_ASSIGNMENT:_ Leaving the pictures out, print the lines from the first line of the listing through the line containing "Add a homemade", exactly as they read, and no others.

_DATA SECTION:_

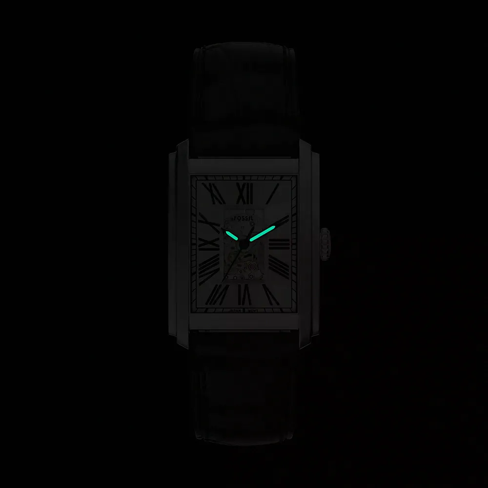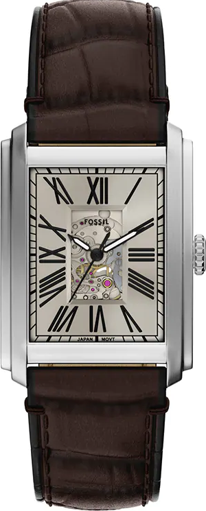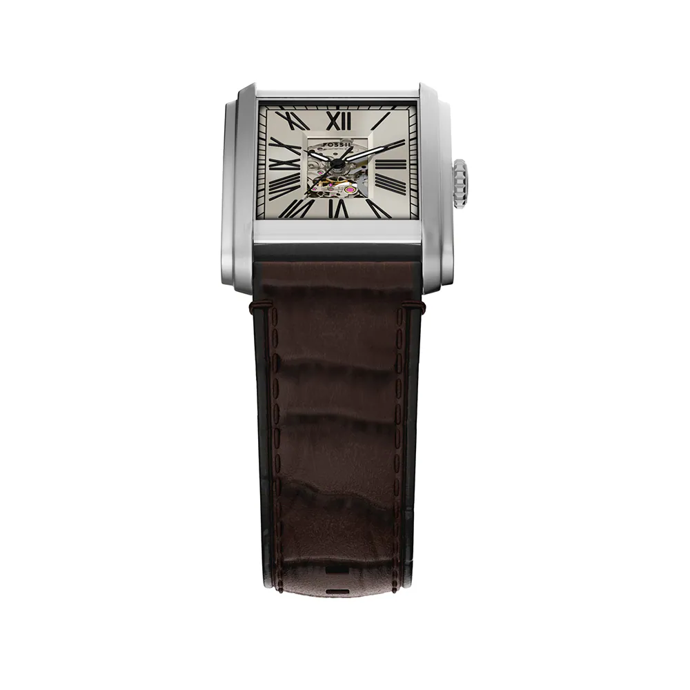 萬年鐘錶 - Fossil 方型時尚羅馬時標機械皮革款男錶 ME3272 錶徑30MM
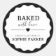 Add a homemade touch to your baked goods with this "Baked with Love from the kitchen of Sticker." Perfect for sealing cookie boxes, bread bags, or a gift jar. Features a scalloped edge, sweetheart divider, and a customizable name. Ideal for home bakers, small businesses, and kitchen gifts.
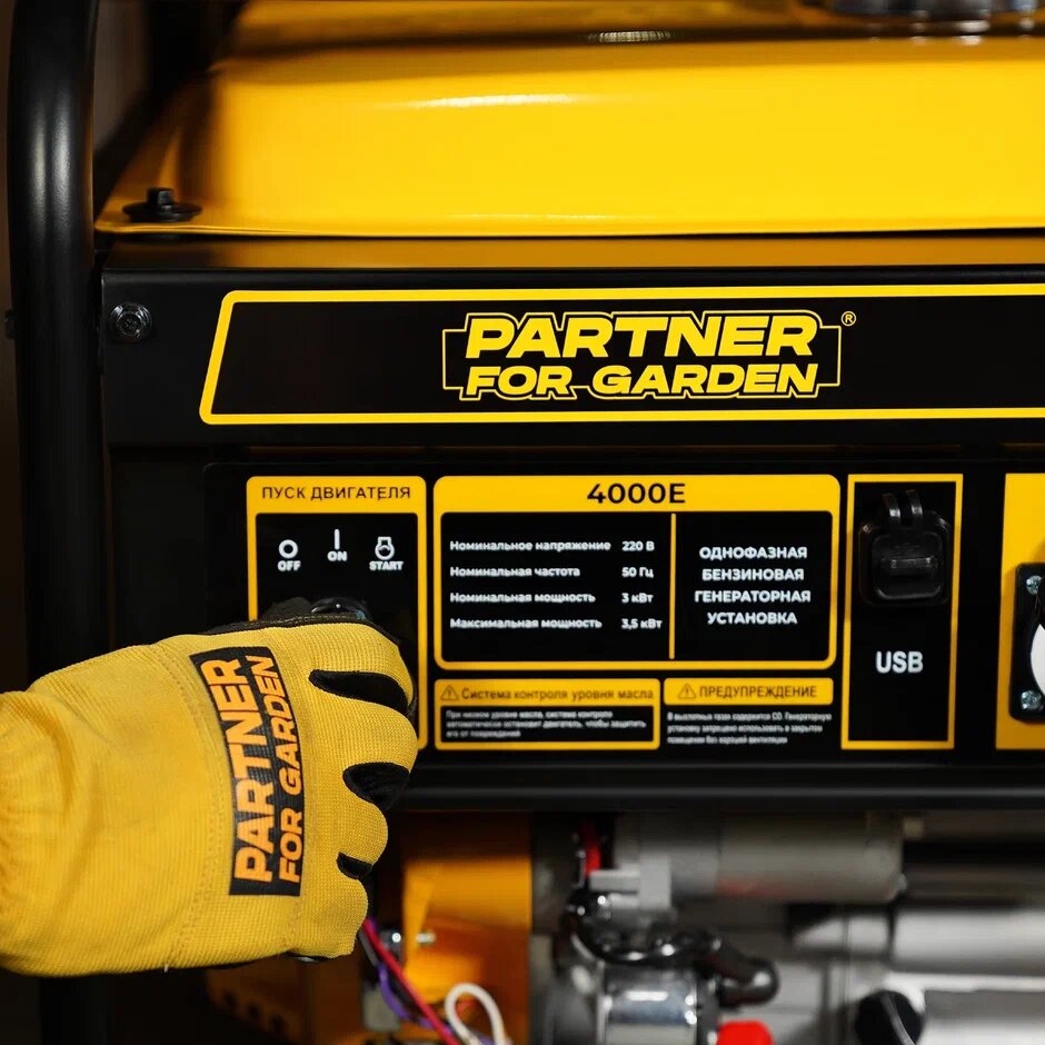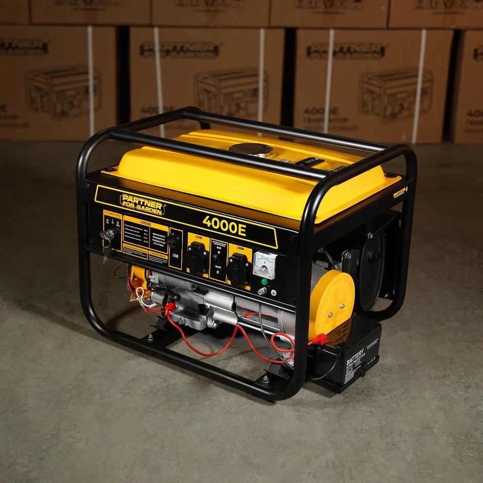 Генератор бензиновый Электрический Partner for garden 4000Е ( 4.875 кВа максимальная нагрузка , 220 В / 12 В, 3 / 3.5 кВт, 50 Гц, 7 л.с, электростартер + АКБ )

_TASK RESPONSE:_
 萬年鐘錶 - Fossil 方型時尚羅馬時標機械皮革款男錶 ME3272 錶徑30MM
 Add a homemade touch to your baked goods with this "Baked with Love from the kitchen of Sticker." Perfect for sealing cookie boxes, bread bags, or a gift jar. Features a scalloped edge, sweetheart divider, and a customizable name. Ideal for home bakers, small businesses, and kitchen gifts.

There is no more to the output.